WORK ITEM: What you return should match the entries below exactly, only without the images.

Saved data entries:
[Start of Attachment]

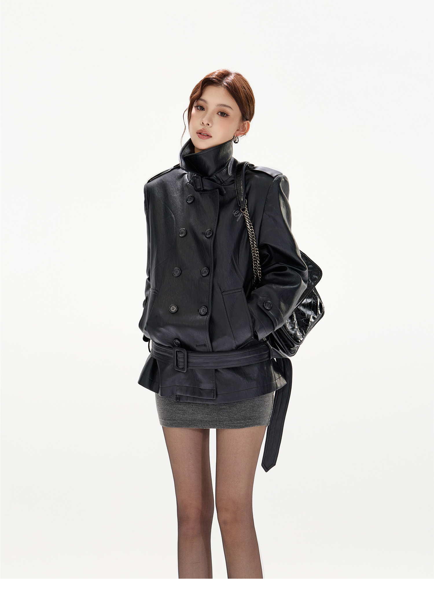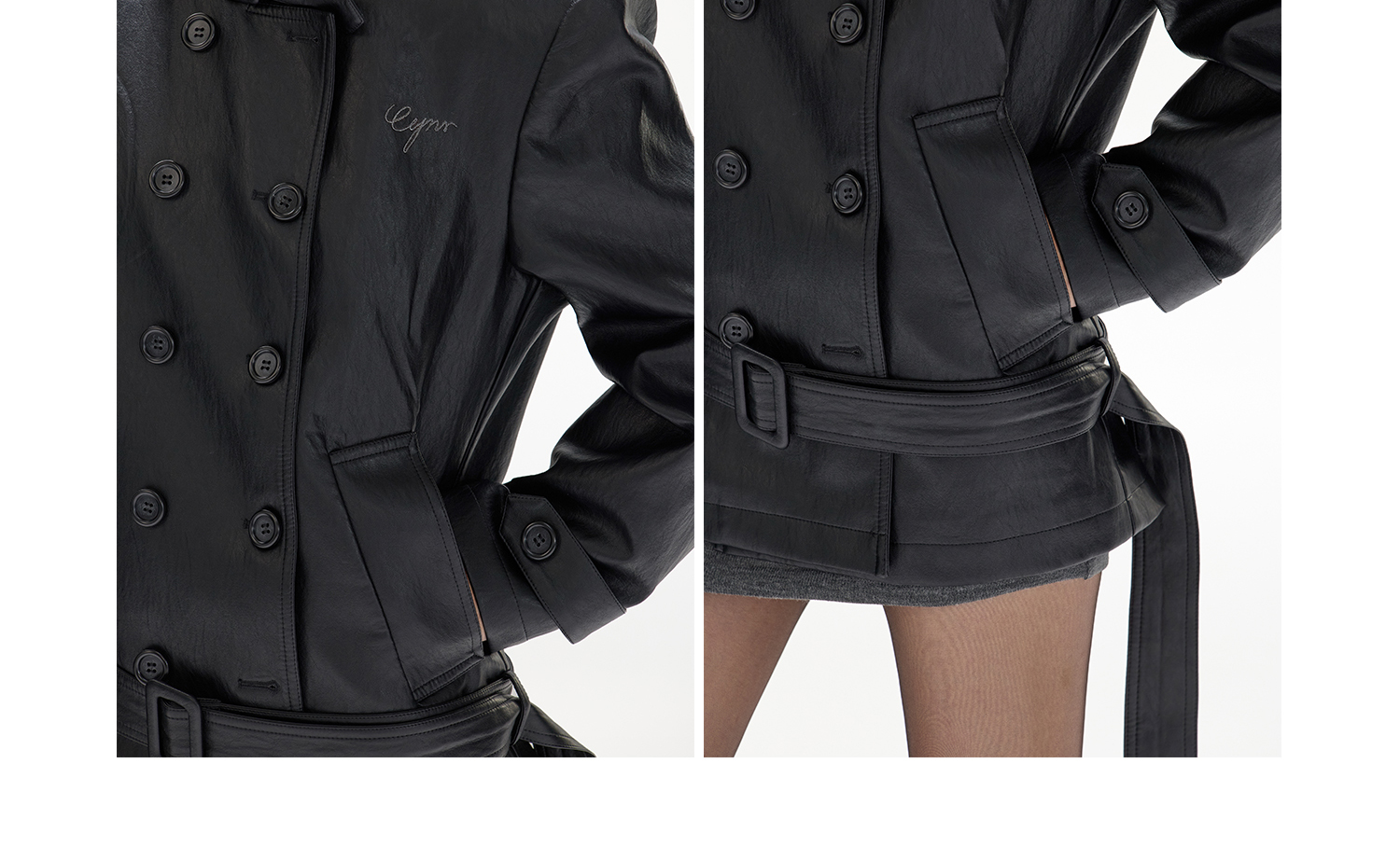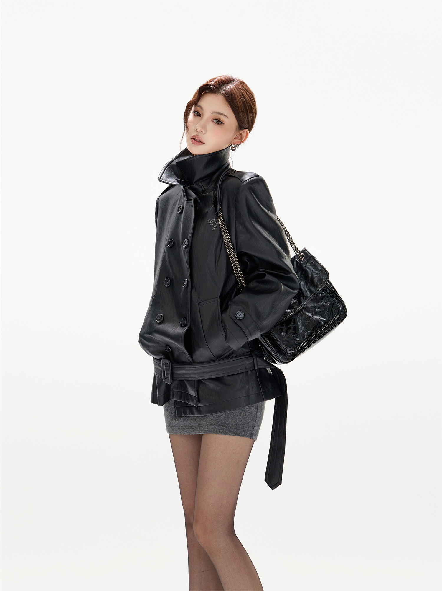 CYNR original design cool style stand collar double-breasted straightened leather Shoelace waist Mid Length Long Length jacket Outwear women
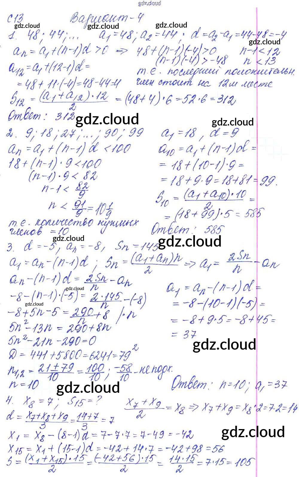 С-13. Формула суммы n первых членов арифметической прогрессии Ответы к Самостоятельным работам по Алгебре 9 класс Контрольные и самостоятельные работы Журавлев УМК Экзамен
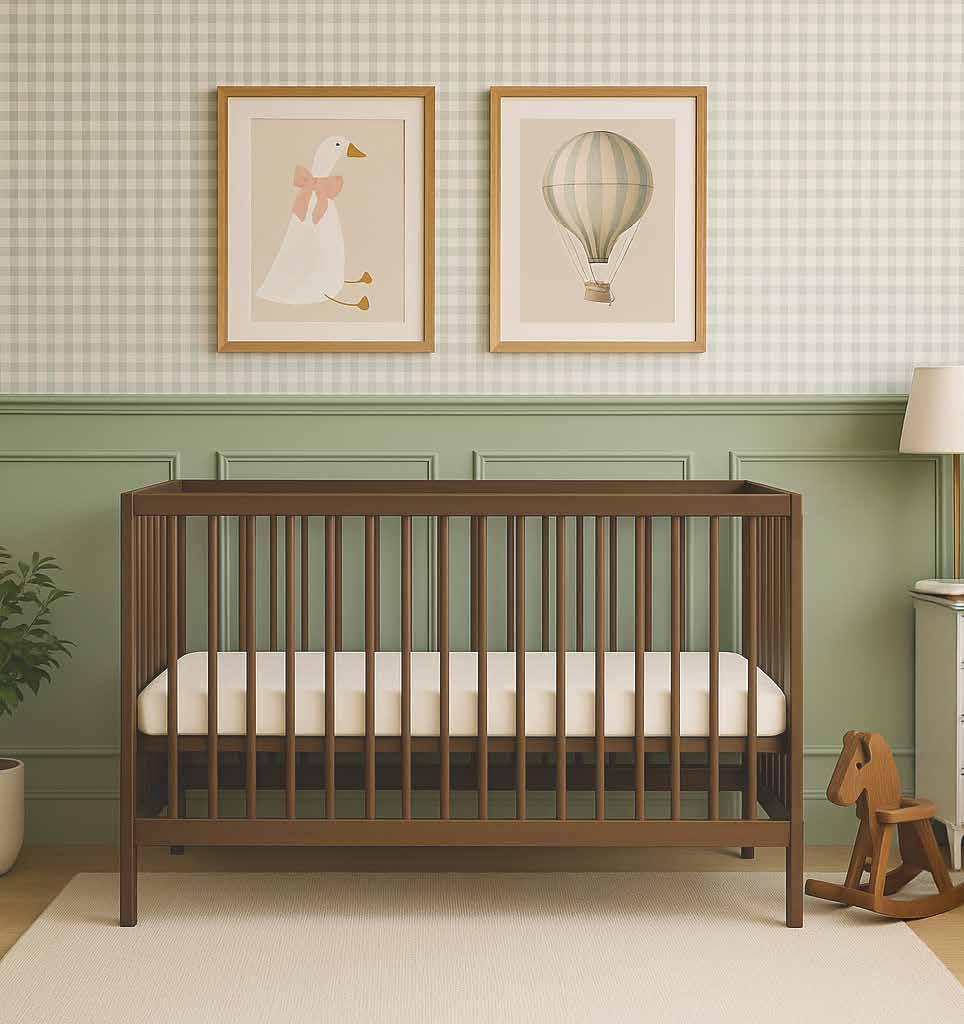 Our newest colour, walnut, has quickly become a favourite! Inspired by timeless vintage nurseries yet designed for modern life, this rich hue brings a touch of elegance and warmth to any space. It features the same solid beechwood construction, finished with a beautiful walnut stain for a vintageinspired cot that will be a cherished piece for years to come.
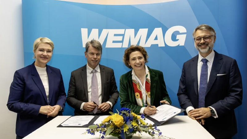 Werbung WEMAG-Netzinfrastruktur 10. Januar 202610. Januar 2026 PB: EIB-Vizepräsidentin Nicola Beer (3. v.l.) und WEMAG-Vorstände Caspar Baumgart und Thomas Murche unterzeichnen im Beisein von Ministerpräsidentin Manuela Schwesig den Darlehensvertrag / ©: Stephan Rudolph-Kramer
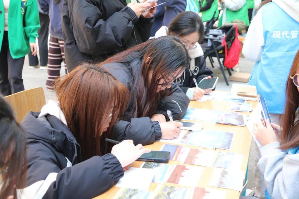 在“星语心愿”明信片书写环节,同学们纷纷拿起笔,在明信片上认真写下对孤独症儿童的真挚祝福与鼓励话语。以小小的明信片为桥梁,让文字化作传递理解与支持的纽带,让每一份爱与关怀都有了可以触摸的载体,实实在在地连接起了同学们与孤独症儿童的心灵世界。
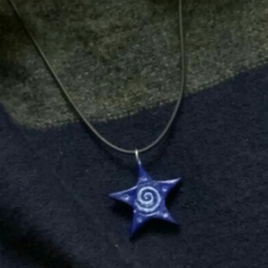 Blue star spiralo clay necklace Black leather
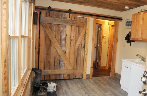 Once your day is complete and you are ready to relax, step inside the cabin for some needed downtime and chill out in the cabin that is complete with central air conditioning and huge overhead fans that hang from the vaulted cedar-planked ceiling.
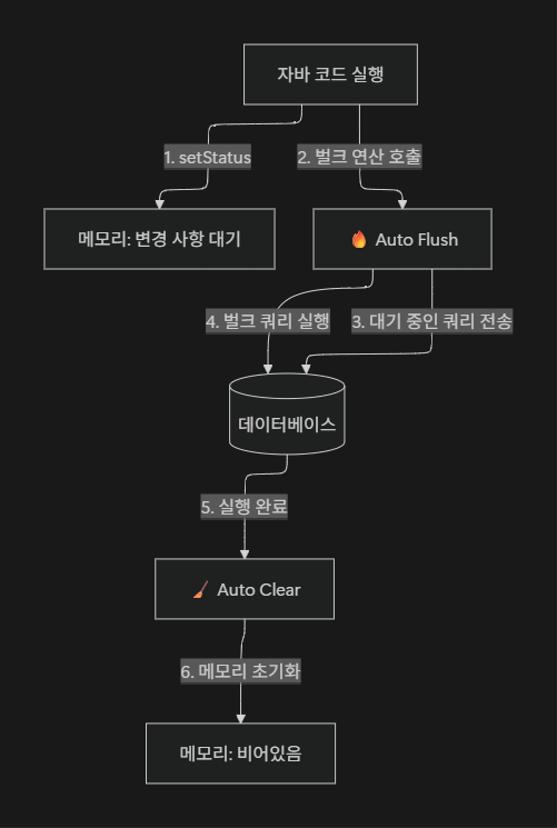 그런데 벌크 연산(Bulk Operation)은 이 규칙을 깬다. @Query("UPDATE ...")로 작성된 JPQL은 메모리를 거치지 않고 DB에 바로 쿼리를 날려버린다.
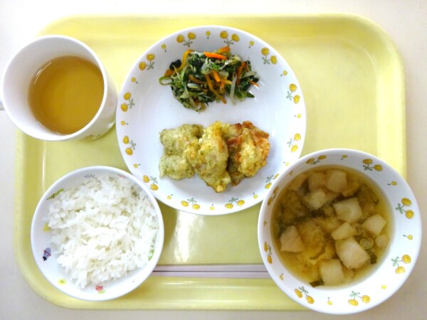 ごはん、味噌汁、のり塩とり天、ほうれん草とじゃこの和え物・・・571kcal
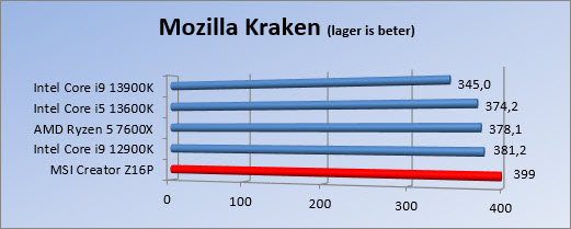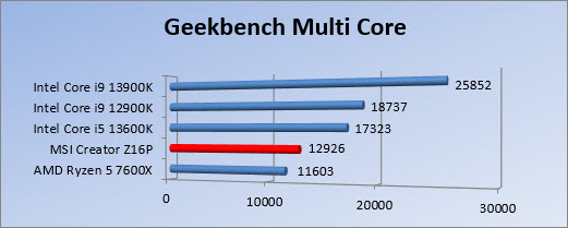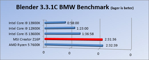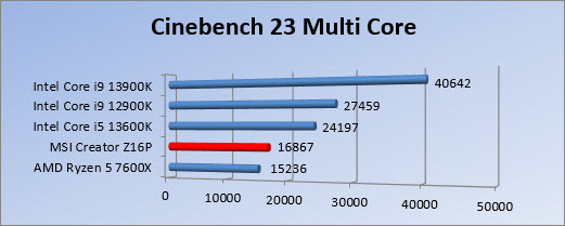 De laptop kan aardig meekomen met eerder geteste desktop systemen. Het is wel stuivertje wisselen met de 7600X, een desktop processor die wat nieuwer is dan de processor uit deze laptop. Een paar tests zijn op het moment van schrijven (September 2023) nog niet helemaal goed gegaan maar deze worden op het moment nog opnieuw getest. De videokaart lijkt niet goed het werk op te pakken waardoor resultaten vertekend weergegeven worden. Dit is het geval bij PC Mark en Procyon. Deze worden later nog geplaatst. Al met al geen verkeerde scores voor een draagbare computer.
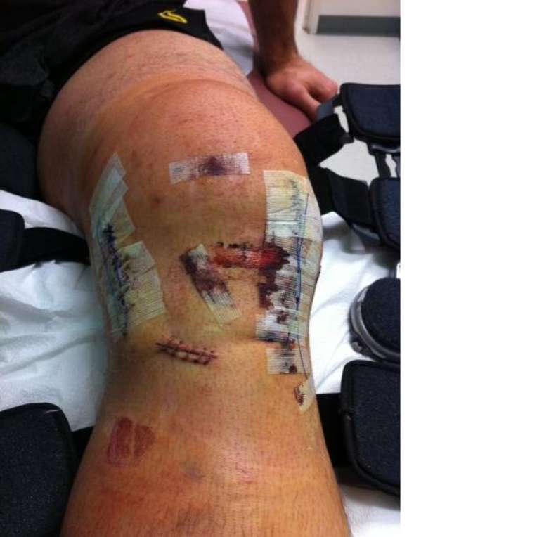Questionado na rede social, Griffin respondeu esclarecendo que se submeteu a uma operação no ligamento colateral medial da região. A imagem mostra o joelho do atleta com vários curativos, feridas e cicatrizes.
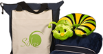 To make the bag usable for all patients, plush footies with grippers are included in the women’s bag. The children’s bag contains a friendly caterpillar neck pillow in lieu of the travel pillow (not recommended for children under the age of three), and the men’s bag contains a 100% washed cotton navy pigment-dyed baseball cap.
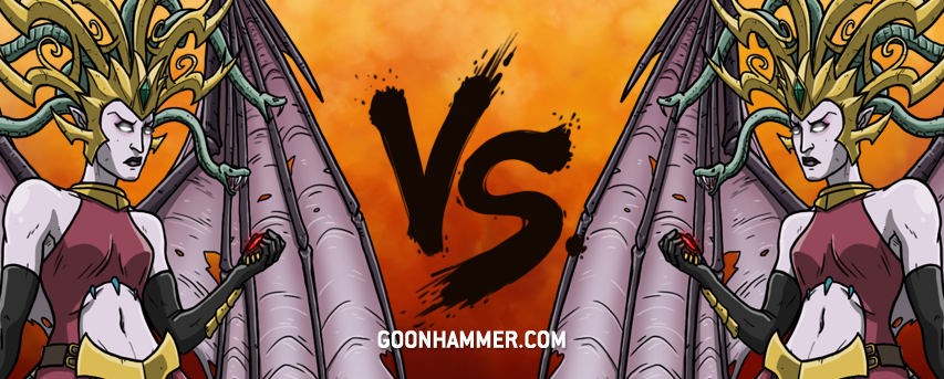 It's a bona fide Khainite Civil War! Morathi with her Spear Snakes and Khinerais, and Krethusa with her Witch Aelves and Shrines.Krethusa has the advantage of numbers, both the number of witch aelves and their recursion, while Morathi isn't too far behind with her more combat capable Blood Sisters and of course the Shadow Queen herself.
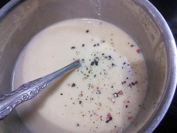 В это время можно сделать сливочный соус к мясу. Его образуется при томлении мяса, несмотря на малую температуру, довольно много. Слейте его в отдельную кастрюлю, добавьте сливки. Уварите на маленьком огне или загустите крахмалом.

[End of Attachment]

TASK RESULT:
 CYNR original design cool style stand collar double-breasted straightened leather Shoelace waist Mid Length Long Length jacket Outwear women
 С-13. Формула суммы n первых членов арифметической прогрессии Ответы к Самостоятельным работам по Алгебре 9 класс Контрольные и самостоятельные работы Журавлев УМК Экзамен
 Our newest colour, walnut, has quickly become a favourite! Inspired by timeless vintage nurseries yet designed for modern life, this rich hue brings a touch of elegance and warmth to any space. It features the same solid beechwood construction, finished with a beautiful walnut stain for a vintageinspired cot that will be a cherished piece for years to come.
 Werbung WEMAG-Netzinfrastruktur 10. Januar 202610. Januar 2026 PB: EIB-Vizepräsidentin Nicola Beer (3. v.l.) und WEMAG-Vorstände Caspar Baumgart und Thomas Murche unterzeichnen im Beisein von Ministerpräsidentin Manuela Schwesig den Darlehensvertrag / ©: Stephan Rudolph-Kramer
 在“星语心愿”明信片书写环节,同学们纷纷拿起笔,在明信片上认真写下对孤独症儿童的真挚祝福与鼓励话语。以小小的明信片为桥梁,让文字化作传递理解与支持的纽带,让每一份爱与关怀都有了可以触摸的载体,实实在在地连接起了同学们与孤独症儿童的心灵世界。
 Blue star spiralo clay necklace Black leather
 Once your day is complete and you are ready to relax, step inside the cabin for some needed downtime and chill out in the cabin that is complete with central air conditioning and huge overhead fans that hang from the vaulted cedar-planked ceiling.
 그런데 벌크 연산(Bulk Operation)은 이 규칙을 깬다. @Query("UPDATE ...")로 작성된 JPQL은 메모리를 거치지 않고 DB에 바로 쿼리를 날려버린다.
 ごはん、味噌汁、のり塩とり天、ほうれん草とじゃこの和え物・・・571kcal
 De laptop kan aardig meekomen met eerder geteste desktop systemen. Het is wel stuivertje wisselen met de 7600X, een desktop processor die wat nieuwer is dan de processor uit deze laptop. Een paar tests zijn op het moment van schrijven (September 2023) nog niet helemaal goed gegaan maar deze worden op het moment nog opnieuw getest. De videokaart lijkt niet goed het werk op te pakken waardoor resultaten vertekend weergegeven worden. Dit is het geval bij PC Mark en Procyon. Deze worden later nog geplaatst. Al met al geen verkeerde scores voor een draagbare computer.
Questionado na rede social, Griffin respondeu esclarecendo que se submeteu a uma operação no ligamento colateral medial da região. A imagem mostra o joelho do atleta com vários curativos, feridas e cicatrizes.
 To make the bag usable for all patients, plush footies with grippers are included in the women’s bag. The children’s bag contains a friendly caterpillar neck pillow in lieu of the travel pillow (not recommended for children under the age of three), and the men’s bag contains a 100% washed cotton navy pigment-dyed baseball cap.
 It's a bona fide Khainite Civil War! Morathi with her Spear Snakes and Khinerais, and Krethusa with her Witch Aelves and Shrines.Krethusa has the advantage of numbers, both the number of witch aelves and their recursion, while Morathi isn't too far behind with her more combat capable Blood Sisters and of course the Shadow Queen herself.
 В это время можно сделать сливочный соус к мясу. Его образуется при томлении мяса, несмотря на малую температуру, довольно много. Слейте его в отдельную кастрюлю, добавьте сливки. Уварите на маленьком огне или загустите крахмалом.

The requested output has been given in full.